▶ _PROBLEM DESCRIPTION_:
The listing below holds pictures; exclude them. Return exactly the lines from the one with "새누리당은 이날 오전" through the one with "Mapa de la zona".

Top of LISTED RECORDS

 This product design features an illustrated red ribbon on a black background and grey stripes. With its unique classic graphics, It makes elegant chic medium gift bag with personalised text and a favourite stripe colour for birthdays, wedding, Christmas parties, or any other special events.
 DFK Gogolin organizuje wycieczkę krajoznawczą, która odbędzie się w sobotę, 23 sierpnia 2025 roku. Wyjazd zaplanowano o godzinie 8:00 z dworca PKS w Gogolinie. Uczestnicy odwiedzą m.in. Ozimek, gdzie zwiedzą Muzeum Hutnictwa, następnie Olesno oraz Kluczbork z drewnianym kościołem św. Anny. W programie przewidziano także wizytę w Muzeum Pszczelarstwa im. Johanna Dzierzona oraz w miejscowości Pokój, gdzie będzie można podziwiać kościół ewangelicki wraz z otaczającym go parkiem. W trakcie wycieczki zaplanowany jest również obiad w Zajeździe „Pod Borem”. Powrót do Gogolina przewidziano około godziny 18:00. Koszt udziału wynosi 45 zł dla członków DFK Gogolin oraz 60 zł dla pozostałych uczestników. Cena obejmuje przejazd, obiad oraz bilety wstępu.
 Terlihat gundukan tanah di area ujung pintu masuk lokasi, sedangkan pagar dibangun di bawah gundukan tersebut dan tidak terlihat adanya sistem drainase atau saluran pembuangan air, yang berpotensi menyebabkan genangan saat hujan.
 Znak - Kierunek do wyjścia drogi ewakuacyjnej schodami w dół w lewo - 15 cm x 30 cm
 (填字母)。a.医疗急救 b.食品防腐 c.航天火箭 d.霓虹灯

Bottom of LISTED RECORDS
Top of LISTED RECORDS

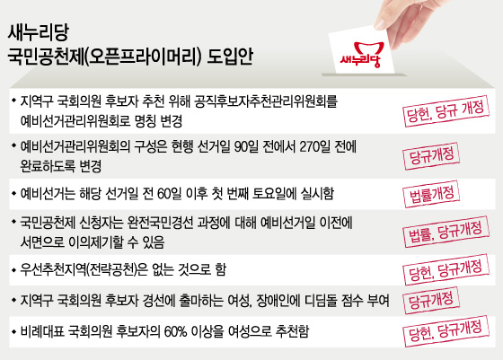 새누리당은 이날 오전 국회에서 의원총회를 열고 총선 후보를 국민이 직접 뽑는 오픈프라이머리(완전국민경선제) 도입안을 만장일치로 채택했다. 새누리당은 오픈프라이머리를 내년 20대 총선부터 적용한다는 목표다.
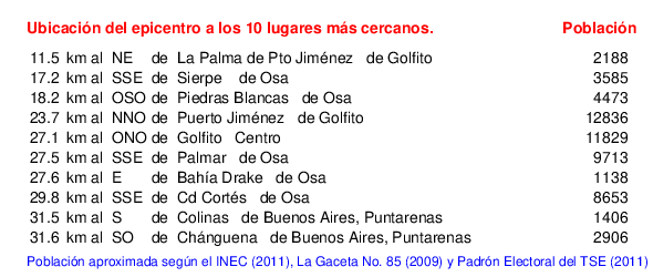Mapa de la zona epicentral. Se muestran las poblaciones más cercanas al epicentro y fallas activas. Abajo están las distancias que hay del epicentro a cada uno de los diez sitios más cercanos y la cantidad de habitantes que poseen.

Bottom of LISTED RECORDS
Top of LISTED RECORDS

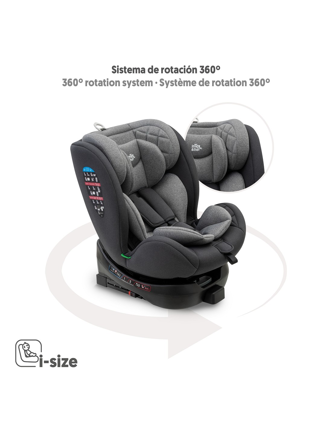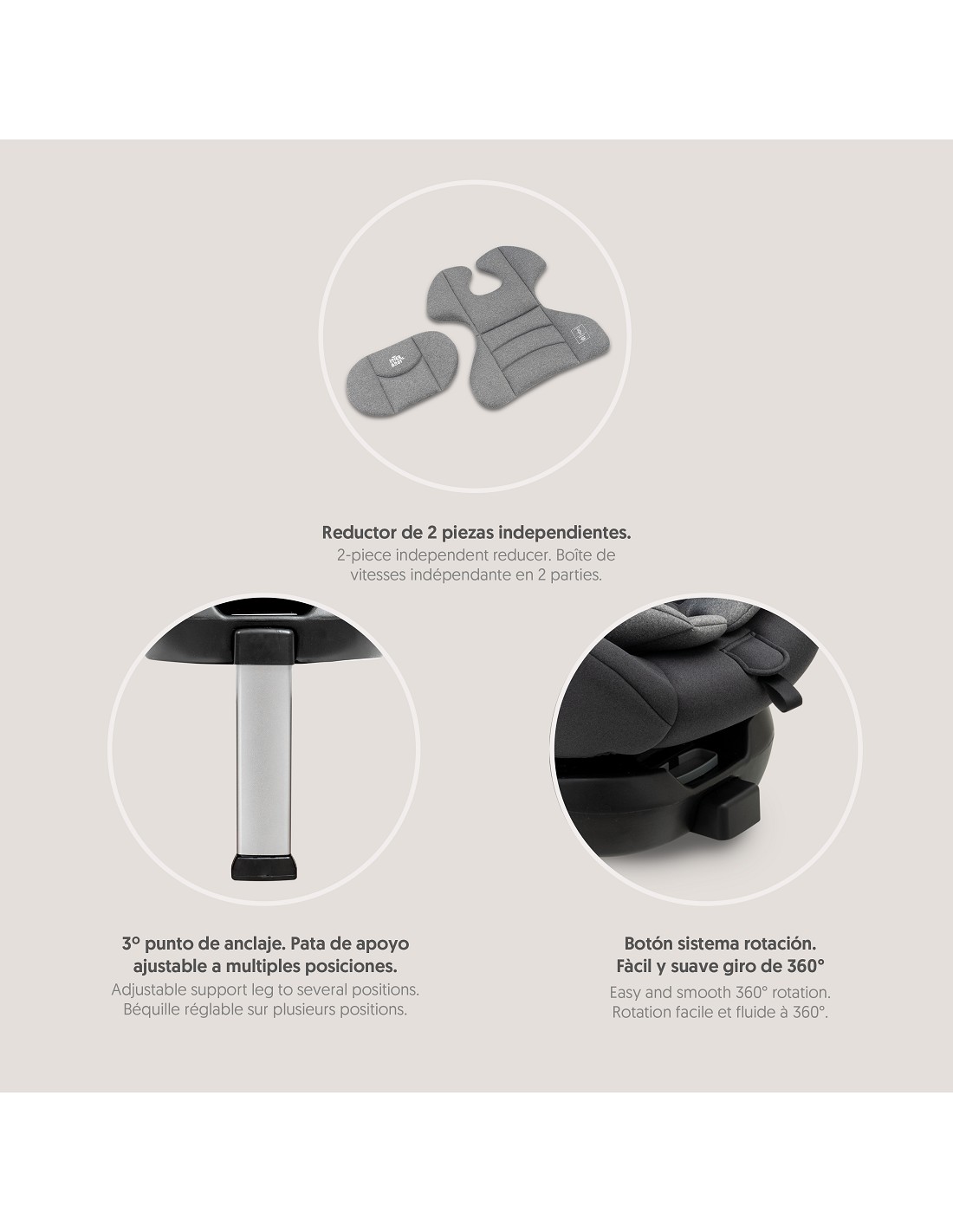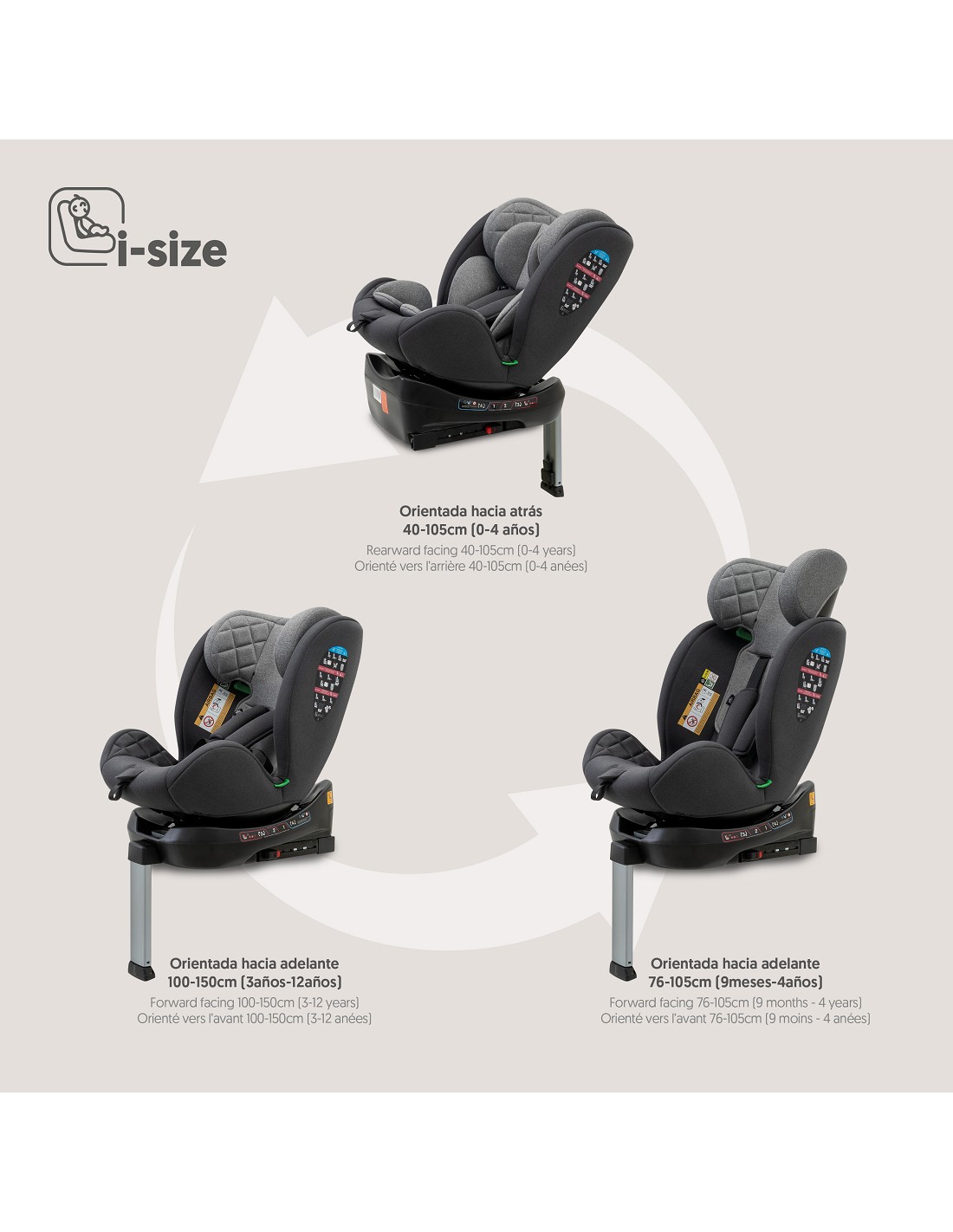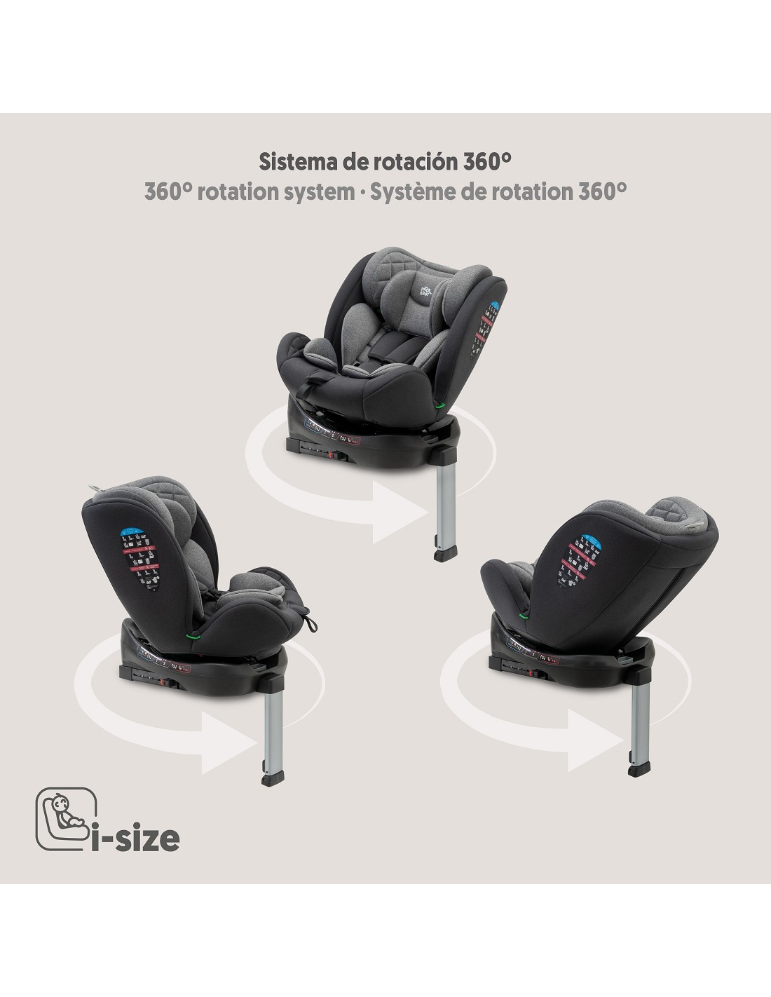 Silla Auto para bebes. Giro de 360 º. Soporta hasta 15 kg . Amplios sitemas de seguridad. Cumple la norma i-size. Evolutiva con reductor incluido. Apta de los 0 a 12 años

Bottom of LISTED RECORDS

▶ _RESPONSE FOR THIS EXERCISE_:
 새누리당은 이날 오전 국회에서 의원총회를 열고 총선 후보를 국민이 직접 뽑는 오픈프라이머리(완전국민경선제) 도입안을 만장일치로 채택했다. 새누리당은 오픈프라이머리를 내년 20대 총선부터 적용한다는 목표다.
Mapa de la zona epicentral. Se muestran las poblaciones más cercanas al epicentro y fallas activas. Abajo están las distancias que hay del epicentro a cada uno de los diez sitios más cercanos y la cantidad de habitantes que poseen.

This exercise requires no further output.